One of the recurring debates that has rumbled through the regulatory professions for as long as I can remember is the question of size, more specifically what is the minimum size a regulatory service needs to be in order to function properly. The fact that the question has never been answered has served as a source of much frustration to government officials and politicians alike but such inconclusiveness is not without good reason.
Rather than ‘transactional’ type services such as contact centres, revenues and benefits etc, where the resources required to process the demand of its users can be predicted with reasonable certainty, regulatory services use a combination of preventative and reactive interventions in order to drive outcomes. So the response to the question of size should be met with a simple answer; how ambitious do we want to be?
The problem is that whatever the size of the service, austerity cuts have often left very little resource for the basics - let alone contingencies such as unexpected incidents, emergencies or complex investigations. This can often leave councils and their customers exposed. Some colleagues realise that individual councils don’t have to deliver everything themselves and as commissioning becomes a more comfortable term. This is bringing with it a new range of efficiencies that will form part of the answer.

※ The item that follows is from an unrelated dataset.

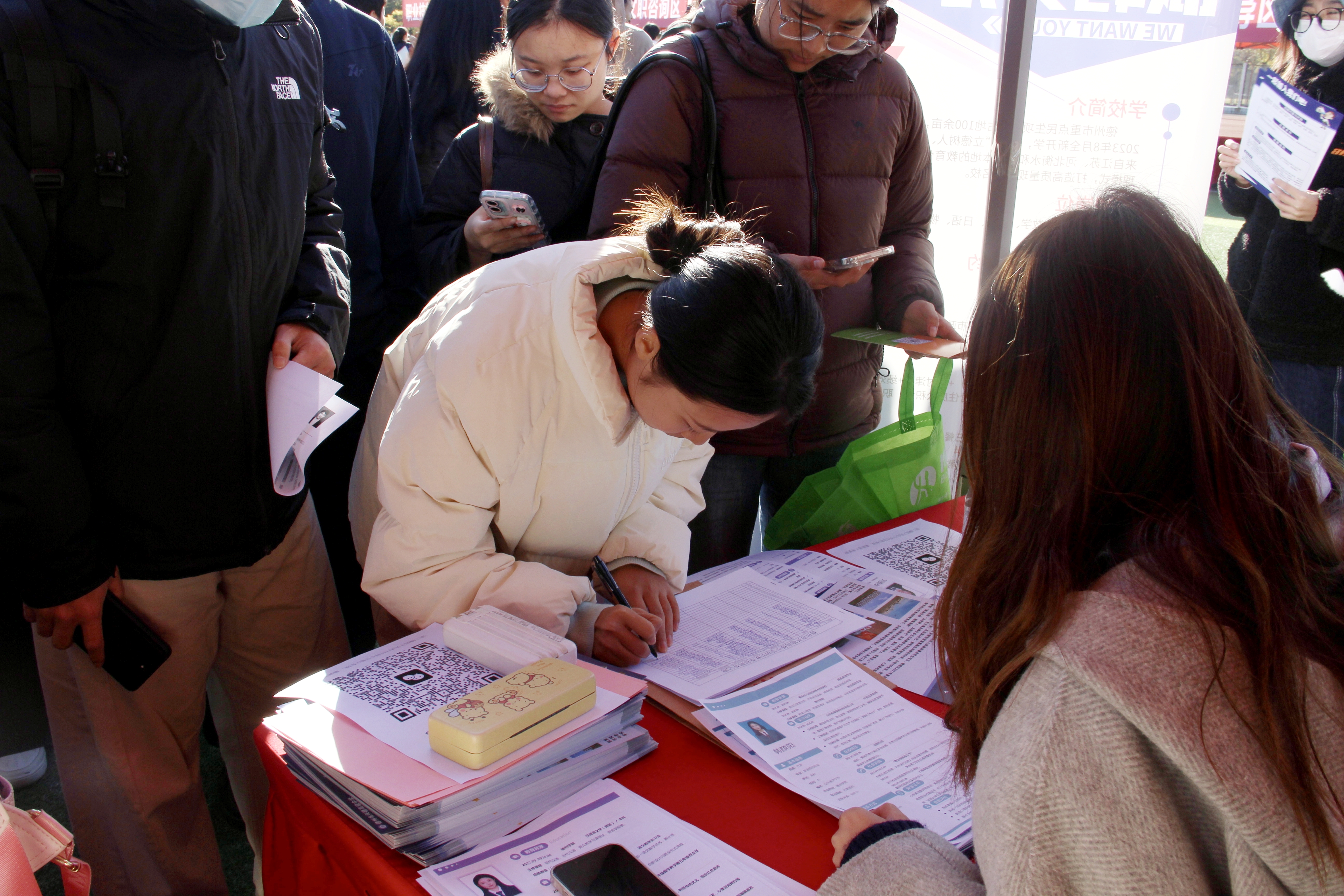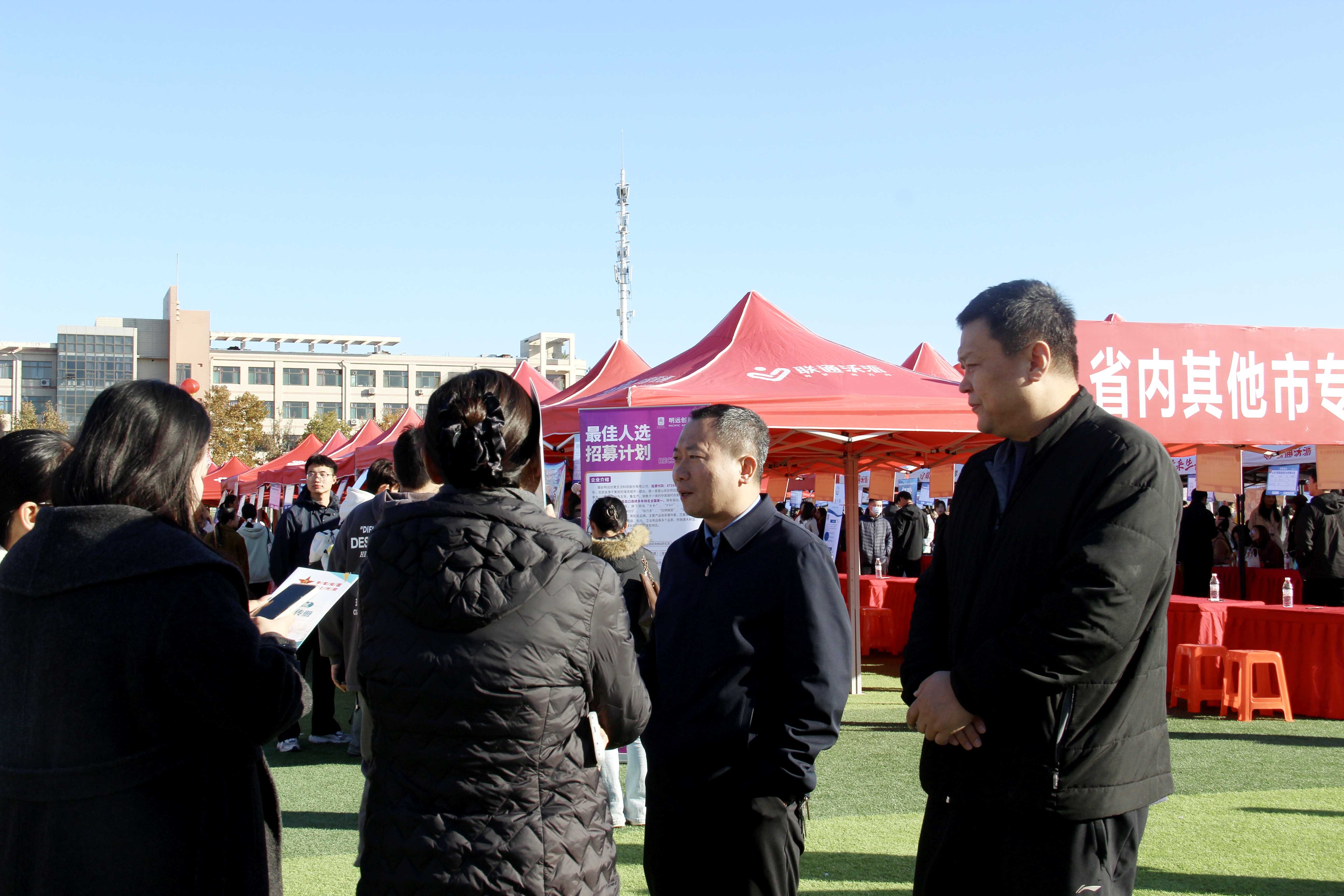 招聘会期间,操场内求职员工人流密集,随处可见积极参与求职的身影。同学们手持精心准备的简历,主动与用人单位沟通交流。面对同学们的咨询,企业招聘负责人详细解答了岗位职责、晋升路径、薪资福利等问题,同时结合行业发展趋势为毕业生提供职业规划建议。部分企业现场设置初筛环节,公司员工结合专业所学与实践经历,充分展现了自身的综合能力,有效提升了求职对接效率。

Partnerships in regulatory services – such as our own with North Tyneside Council - do not operate in isolation from each other. Quite the opposite - they are forming a network that can mobilise resource where it needs to be any particular time. This allows future partners to commission individual activities or just call upon the network at times of unexpected demand, rather than absorb the cost of employing highly skilled officers on a permanent or temporary basis. Turning the resource flow ‘on and off’ like this keeps the service as efficient as possible.
As the sector matures, commissioning is likely to become more sophisticated and be outcome rather than activity based; increasing the survival rates of SME’s in the borough, reducing availability of illicit tobacco; and reducing the number of older people going into residential care to name a few. Such cross-sector outcome based approaches will transfer risk to the provider and force cross agency collaboration in a way the sector has not seen before. This in turn will stimulate investment and innovation for the benefit of not just local government but for the citizens and businesses we all serve.
So perhaps services of the future will operate with smaller core teams of varying sizes, teams made up of expert regulatory commissioners as well as practitioners who know what interventions will produce the desired outcomes but one that makes better use of our collective national workforce. Smaller they may be, but regulatory services able to flex in this way will lose nothing in terms of resilience and capability.
Andy Foster is director of regulatory services at Capita. He was a speaker at the Trading Standards Institute’s Year Ahead Conference 2015 conference on Thursday 05 February.